Please do not sign up for any workshop that is beyond your experience level!
Participant Playing Levels
In order for teachers to accomplish the goals of their classes, it is important that participants sign up for classes that are appropriate to their experience and playing level. Signing up for a class that is beyond your level creates major problems for the teacher and the other students. If the teacher deems that the class is above your level you may be asked to observe. Please refer to the following guidelines when choosing your classes.
Introductory: Appropriate for those who have never touched the instrument through folks who have played less than one year.
Advanced Beginning: These people have played the instrument at least one year. For marimba they can play a couple parts on at least five songs and for mbira they can play two songs.
Intermediate: For marimba, those who’ve played at least three years, can play a few parts on at least 10 pieces, have good technique, understand the rhythm, form and structure of the pieces, and can catch cues and understand how to move through sections. For mbira, those who know at least 5 songs and have played in both the kushaura and kutsinhira positions.
Advanced: Same as intermediate PLUS: learns quickly, is comfortable playing fast, has a strong sense of rhythm and at least 3 years playing at performance level. For mbira, able to learn a kushaura and kutsinhira part in one workshop.
Most, but not all, teachers allow audiotaping of workshops for personal use. Please see the “Materials” section of the workshop descriptions for information on each workshop.
Ways to View the Workshop Descriptions
- Click the links at the top-right of the page to view workshop descriptions by category, by session, or by teacher.
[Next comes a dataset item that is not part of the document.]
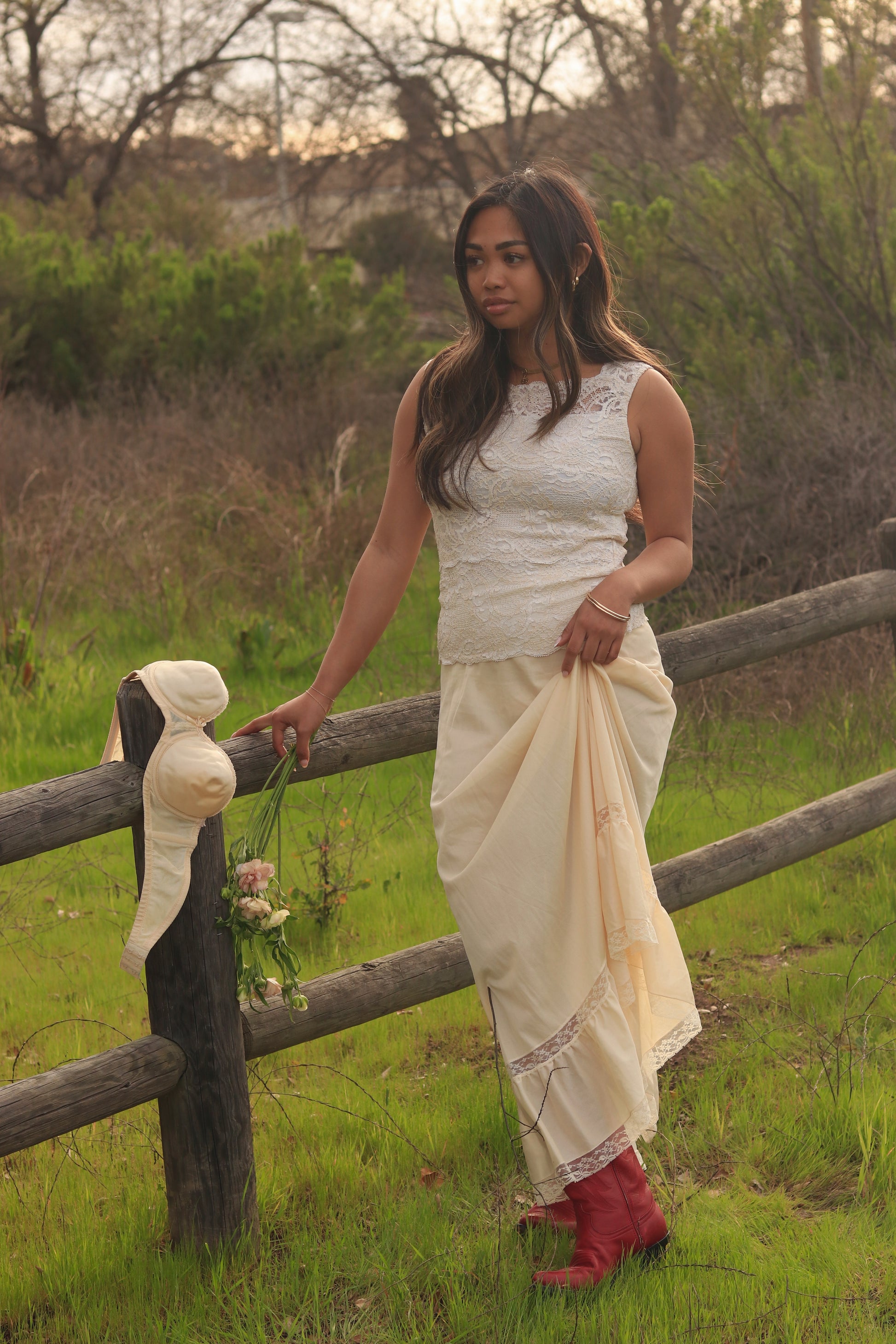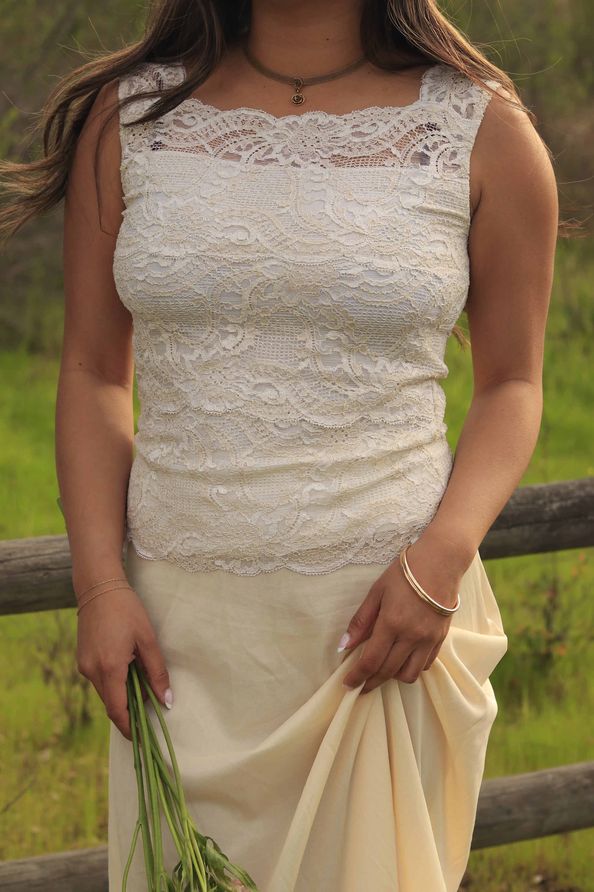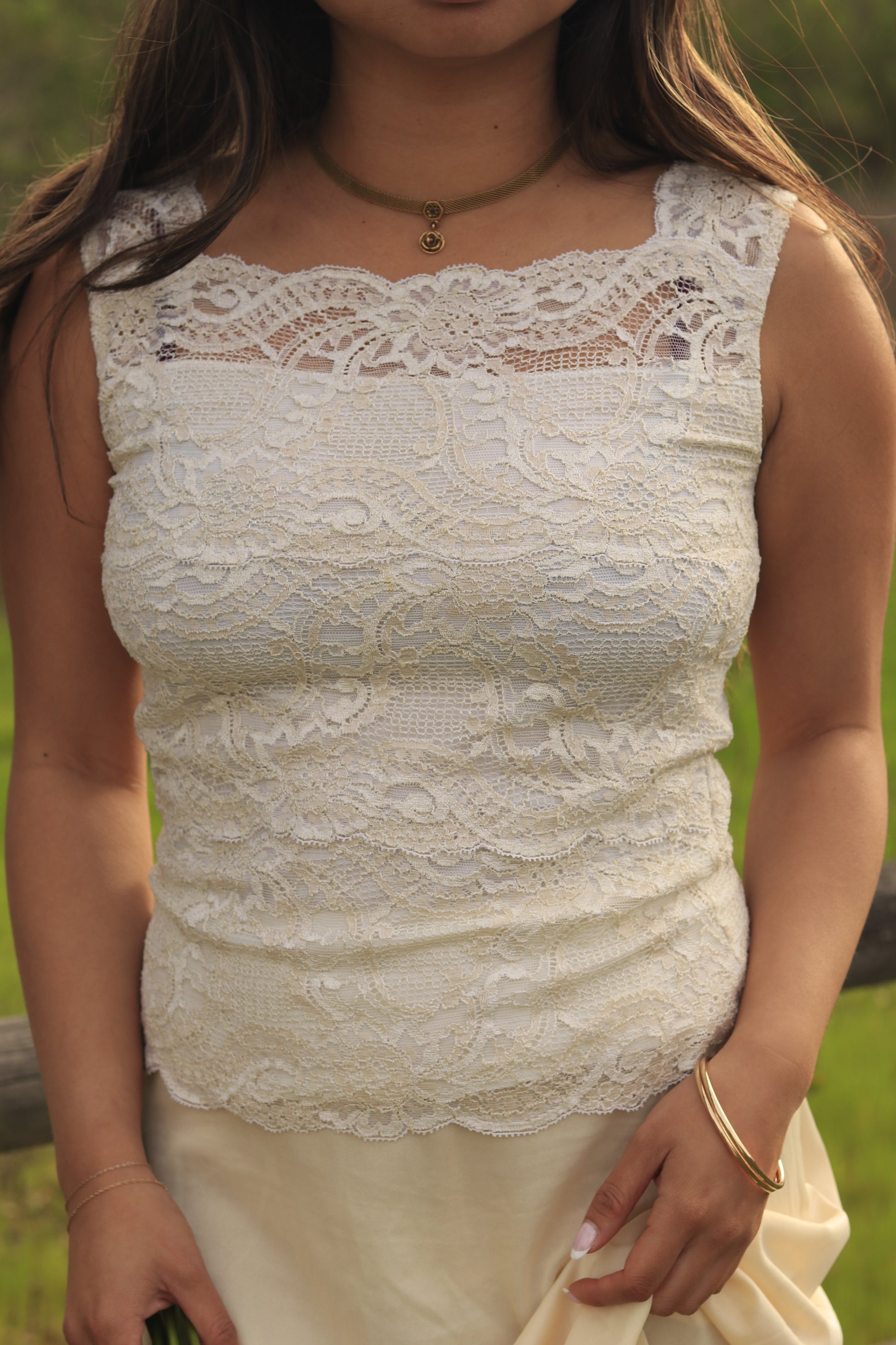 The Michelle Top is an adorable vintage cream lace tank top. This top is stunning paired with a cream skirt and contrasting boots or heels. This top is a size Small, but can fit S/M.

- See the Workshop Schedule for a complete list of workshops. On the Workshop Schedule page, click a link to view the description of a single workshop.
- Log on to Online Registration. You can register and view the current status of workshops (open/full). You can also view the workshop schedule and click links to see single workshop descriptions.
- Browse the Registration Guide, available as a PDF file suitable for printing, or contact our office if you want to receive a printed copy in the mail. Be aware that changes occur after publication in late April.
How to Register
You can register in advance either online or by mail. Or you can wait until you arrive at the festival and register on-site, but many workshops will already be full. For instructions, please see the Registration Information.
Workshops and schedules are subject to change
Workshop changes do occur. Changes are incorporated into the web pages (but not the PDF) as they occur so that they are up-to-date. It’s wise to check the Changes & Corrections web page occasionally right up until the festival, if you’re taking workshops.
What to Bring
Bring any instruments you may need for your workshops, and consider sharing your instruments and/or bringing extras. Please contact us at firstname.lastname@example.org if you will have extra instruments available.
Bring pens, paper, earplugs, recorders, extra batteries and tapes and whatever you need to make yourself comfortable during workshops.